- Developer: Codename Entertainment
- Publisher: Codename Entertainment
- Platforms: Android; iOS; PlayStation 4; Xbox One; macOS; Windows; Nintendo Switch;
- Release: Android, iOSWW: May 17, 2018; PlayStation 4WW: December 11, 2018; Xbox OneNA: December 14, 2018; EU: August 2, 2019; macOS, WindowsWW: March 25, 2020; Nintendo SwitchWW: May 7, 2020;
- Genre: Incremental
- Mode: Single-player

= Idle Champions of the Forgotten Realms =

Idle game based on Dungeons & Dragons

Idle Champions of the Forgotten Realms is a 2018 incremental game based on Dungeons & Dragons for Android, iOS, PlayStation 4, Xbox One, macOS, Windows, and Nintendo Switch.

== Gameplay ==
The player confronts waves of enemies by clicking on them or managing a formation of unique champions with individual abilities. Each enemy drops currency that can be spent to unlock new champions or upgrade existing ones to strengthen the formation. Equipment can drop as loot, and be attached to specific champions to further enhance their abilities. The game also revisits settings and storylines based on published adventures like Curse of Strahd and Tomb of Annihilation.

== Development ==
Idle Champions of the Forgotten Realms is developed by Codename Entertainment, whose previous incremental game Crusaders of the Lost Idols garnered popularity and served as a basis for this game. The game entered early access on Steam in September 2017. It was released for iPads and Android tablets on May 17, 2018, followed by PlayStation 4 version on December 11. The game was released for Xbox One in North America on December 14, 2018, and in Europe on August 2, 2019. It was fully released on Steam via Windows and macOS on March 25, 2020. The Nintendo Switch version was released on the eShop on May 7 of the same year.

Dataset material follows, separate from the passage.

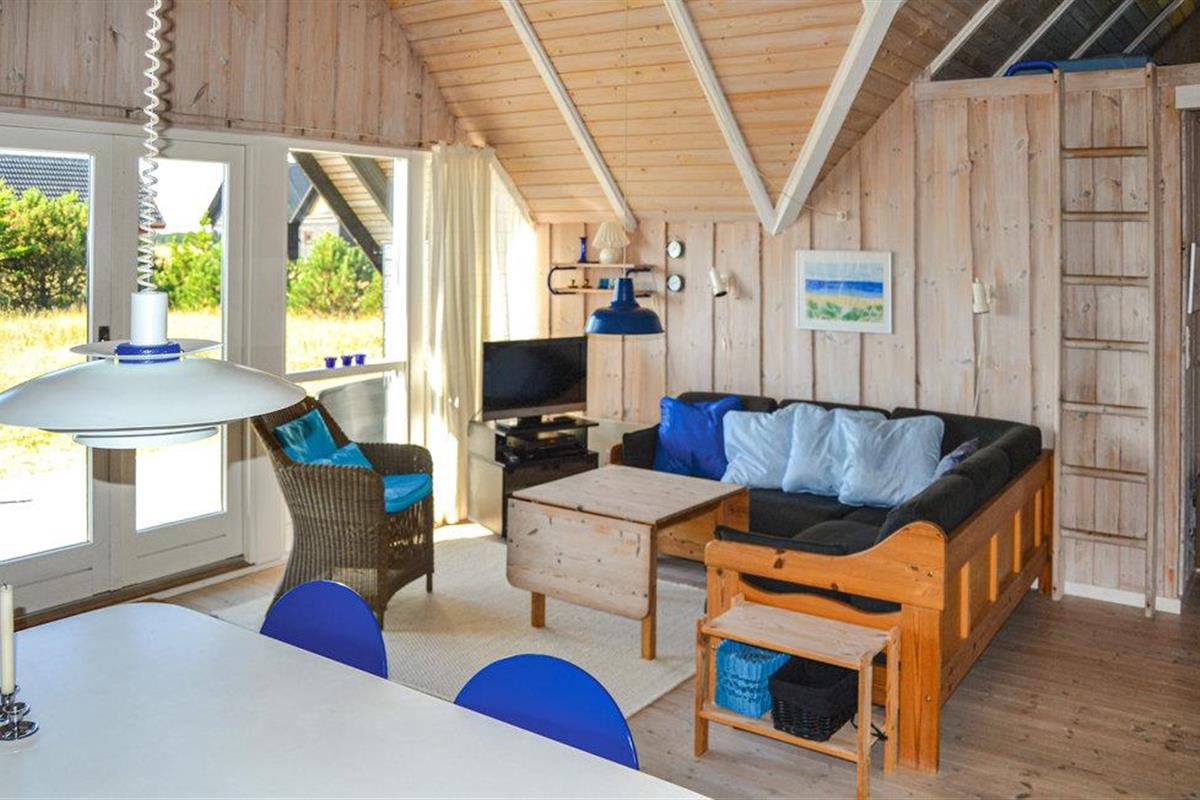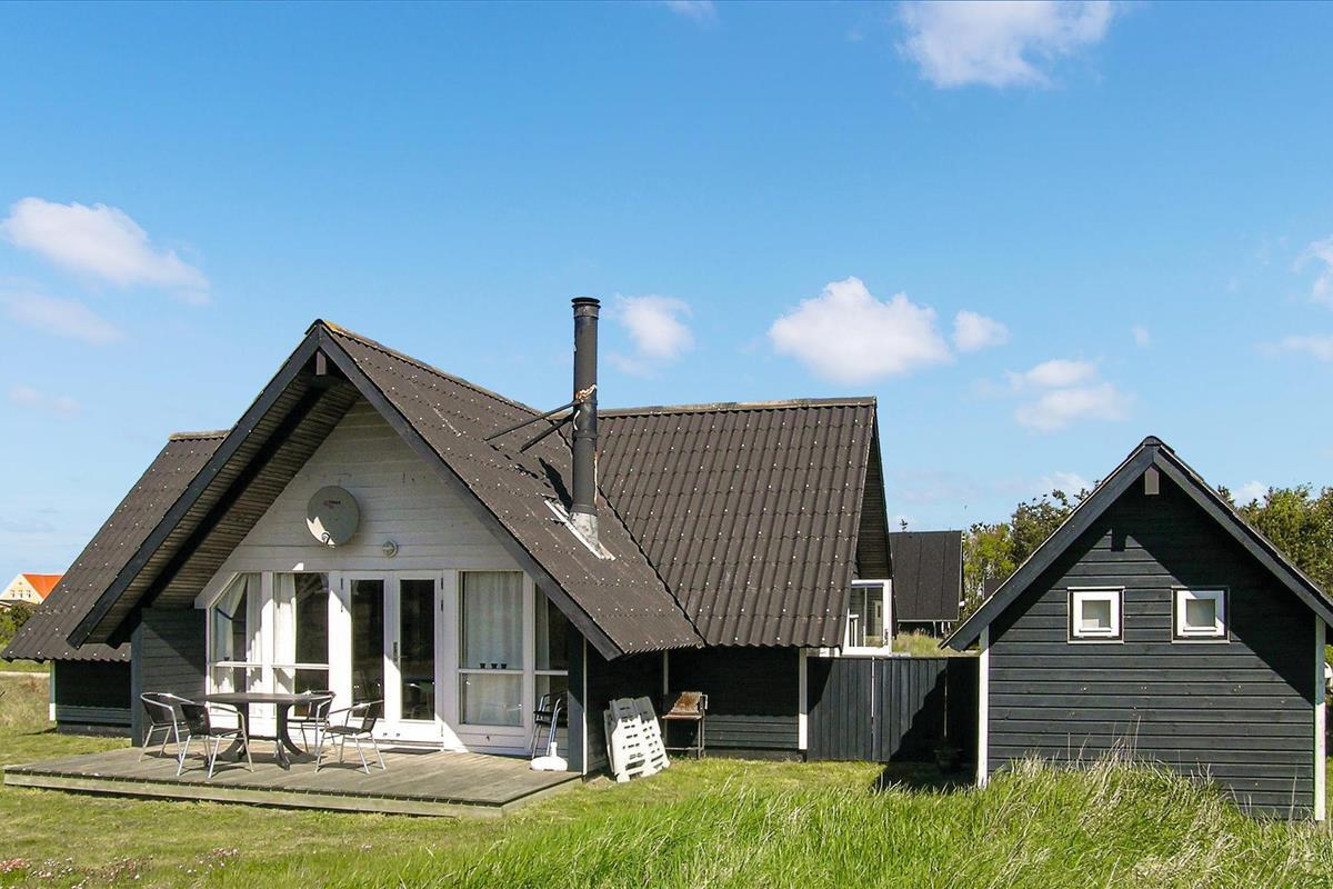 Ontdek dit stijlvolle vakantiehuis in Kandestederne, omgeven door de natuur en met een prachtig uitzicht op Råbjerg Mile.

The developers continue to add new unlockable champions to the game, some of which are based on characters from D&D novels, or actual player characters from D&D web series, such as Acquisitions Incorporated, Oxventurer's Guild, Rivals of Waterdeep, Dice, Camera, Action, Critical Role, the TV series Dungeons & Dragons, and the video games Baldur's Gate, Neverwinter Nights, and Planescape: Torment.